Guardi … scritte contrarie agli ebrei e scritte contrarie allo Stato d’Israele sono ricorrenti: capita molto spesso di doverle leggere. Noi ci siamo organizzati, insieme al Comune di Roma, con un servizio che fotografa per documentare queste scritte e poi si interviene per la cancellazione, per evitare che si accumulino a centinaia. Ogni volta che si alza il livello del dibattito, le scritte appaiono: quindi, possiamo dire che è un fenomeno minore perché se l’ostilità verso gli ebrei o verso lo Stato d’Israele si sfoga attraverso scritte sui muri, è una cosa controllabile, è una cosa riparabile in breve tempo. Quello che noi riteniamo vada coltivato è il dialogo interreligioso, la possibilità per gli ebrei di esprimere la loro cultura, la loro storia e tutto ciò che ha riguardato i fatti del passato e che ha coinvolto fortemente anche l’Italia e la storia italiana, perché la storia della presenza ebraica in Italia risale a 2.200 anni fa. Quindi, la comunità ebraica in Italia è una delle comunità fondanti della nazione italiana.
Papa Francesco ha affermato che è una contraddizione che un cristiano sia antisemita: sono parole a volte trascurate…
Non sono trascurate da noi: per noi hanno una grande importanza. Sono più di 50 anni che i rapporti tra cattolici ed ebrei sono in continuo miglioramento. Siamo entrati in una fase positiva: da Giovanni XXIII in poi. Dal Concilio Vaticano II in poi i rapporti hanno preso un andamento positivo che noi siamo molto impegnati a mantenere, perché lo riteniamo qualcosa di prezioso per l’Italia. Quindi, una frase del genere detta dal Papa ha il suo enorme peso per tutti i fedeli cattolici che poi affluiscono a milioni ad ascoltare le parole del Papa, e ci dà la conferma che dobbiamo proseguire su questa strada.
Lo scorso 8 giugno, lei aveva partecipato all’invocazione di pace nei Giardini Vaticani, voluta da Papa Francesco. Quel giorno sembra lontano, e da allora tanto sangue è stato versato in Terra Santa…

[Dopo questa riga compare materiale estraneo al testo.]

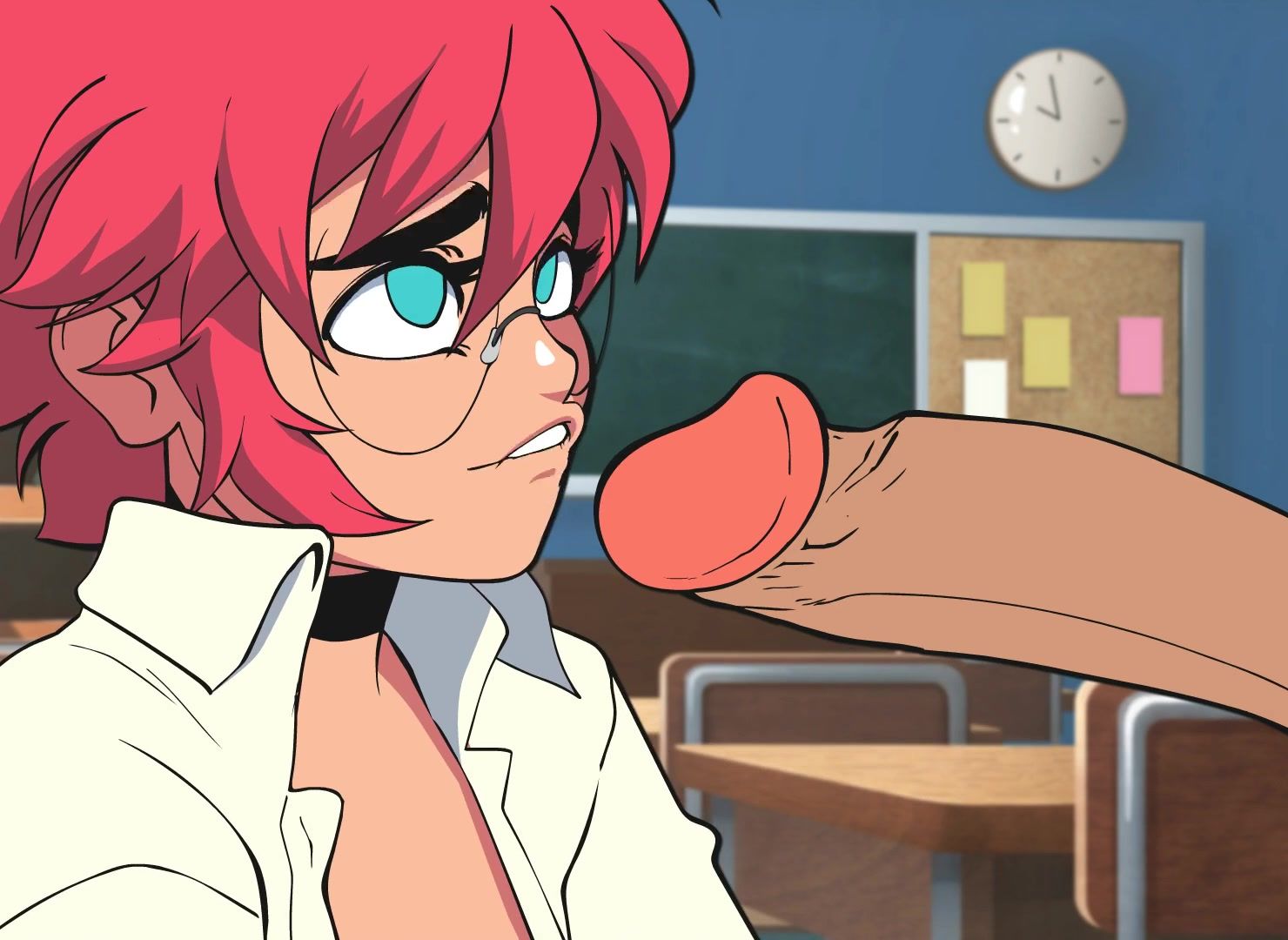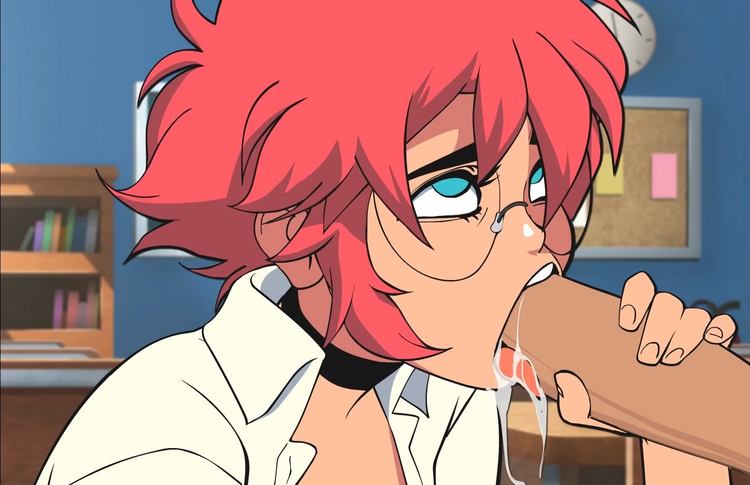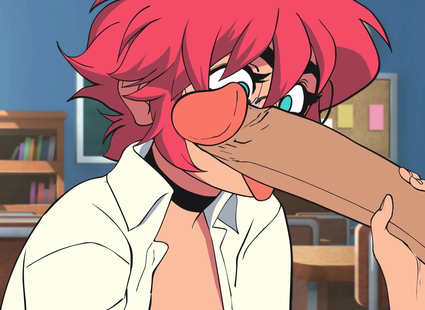 Anime nerdy Maxine blowing a monster cock

Meno lontano di quanto sembri, perché il rapporto tra lo Stato d’Israele e la componente palestinese che fa capo ad Abu Mazen rimane una speranza di dialogo e una speranza di pace. Perché Abu Mazen rappresenta il gruppo palestinese che sta tentando di costruire in Cisgiordania uno Stato palestinese che abbia la capacità di dialogare con lo Stato di Israele. Io ho visitato Israele circa un mese fa, però prima che esplodessero i fatti bellici; e ho avuto, accompagnato dal sindaco di Gerusalemme, la fortuna di poter vedere diverse iniziative che sono prese in comune fra ebrei e musulmani, sui quartieri di confine di Gerusalemme dove vivono in una convivenza pacifica famiglie ebree e famiglie musulmane. E ho visto diverse iniziative rivolte ai giovani e alle donne, per cercare di far tesoro del patrimonio culturale di entrambe le religioni e per educare i giovani ad una convivenza costruttiva.